興味を持ったことについて書き散らしています。

技術屋は察することが苦手

 実家が嫌いなわけではありませんし、親族を好んでいないわけでもないのですが、帰省をすると少しストレスが溜まります。

 これは職場で日常的に接している技術者集団とはまったく異なるコミュニケーションを求められるためです。もう少し直接的に言えば、毎度ミスコミュニケーションで怒られるので少し疲れます。

 大学で工学を学び、企業で技術者として勤めて10年以上経った私のような技術屋には、コミュニケーションのコードが異なるとなんとも大変さを感じてしまいます。

 

技術屋は行間を”あえて”読まないよう訓練される

 以前にも記事にしたことがありますが、技術屋のコミュニケーションは「技術」という名の言語を用いて行われます。

 そのためには誰が見ても一意に分かることが不可欠です。同じ記号を使い、同じ単位を用い、あの人が見てもこの人が見ても同じ意味で理解でき、どこの国の誰がやっても同様の成果を出せる状態が肝要であり、環境や事物を構築し、維持し、改良し、変革していく、その連環を作り上げることこそがエンジニアリングの真髄です。

 

 つまるところ、エンジニアの基本的な思考には画一的な基準統一的な理解、そして明瞭な情報の伝承が根底にあります。

 工学は明確な基準とルールを事前に学ぶことが前提にありますが、マナーや常識はその場で問われることが多く、私からするとまるでクイズのように感じます。

 さらに言えば、マナーや常識は状況や地域的な風習によって定まるものであり、定式化されておらず、口伝で伝承されることも多いものです。場合によってはその時々の空気で決まることすらあります。

 これがエンジニア的には難しいのです。

「そんなの常識だろ!」

「この程度のマナーも知らないのか!」

と言われましても、それはどういう規格に基づいて、どこにどのように書いてあり、どうやって定型化して伝達されているのか、そういったことが分からないため普段の感覚との乖離を感じてしまい理解が阻害されるのです。

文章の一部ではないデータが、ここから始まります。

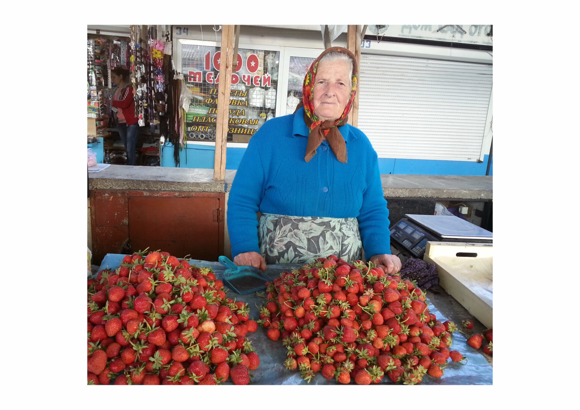Надо сказать, что первый её урожай стоил нескромно дорого – 70 рублей за килограмм. Сейчас же цена упала вдвое. Надо брать! «Клубника в этом году хорошая, много её, четвёртый раз собираем. Только бы дождей больше не было, иначе пропадёт урожай», – рассказала, взвешивая мне ягоды, продавец Мария Павловна Проноза. У неё в селе Копанка целые плантации клубники, аж 50 соток. Каждый день эта приветливая бабушка продаёт по 16-20 ящиков клубники, одна такая тара вмещает около 5 килограммов ягод. Собирать их пенсионерке помогают дочь с зятем, за что она им очень благодарна.

 ITエンジニアが一番シンプルに分かりやすく、彼らは同僚やコンピュータと「プログラミング言語」を用いてコミュニケーションを取ります。私たち機械技術者も「数学」や「物理」や「力学」といった言語を用いて同僚や機械とコミュニケーションを取ります。

 エンジニアリングの分野でコミュニケーションを行うためには画一的な基準が不可欠です。受け取り側による解釈の余地があっては画一的にならない以上、技術者は必要なことを画一的なプロトコルで言葉にして、言葉にされたことは素直に受け取る、そのような訓練を施されます。伝えたことしか伝わらないことが当然で、行間を読むことは求めませんし、むしろ技術屋同士のコミュニケーションではあえて行間を読みません

 各自で解釈余地があるような状態は伝達ミスを引き起こしかねないリスクだと考えます。

 

行間を読まねばならぬ

 ただ、この類のコミュニケーションに慣れ過ぎてしまっていると、非技術者とのやり取りで支障が生じます。

 

 今回の帰省での事例を話してみましょう。

 私の実家には親族が例年訪れます。今年は祖父の初盆でもあり、訪れる親族の数は多くなることが想定されていました。

 

私「いつに帰れば都合がいい?」

母「いつでもいいよ」

私「では、この日に帰ります」

 

 そうして帰省後、いつ帰宅するかを話すと怒られる私。

 

姉「その日は誰さんと誰さんと誰さんが来て忙しくなるんだからアンタも手伝わないでどうするの、馬鹿なんじゃないか!」

 

 私からすると、誰がどの日に来るかは聞いていないし、その日の人手がどれだけ足りていないかも言われていないし、そもそも手伝いが必要かも伺っていないので分かりません。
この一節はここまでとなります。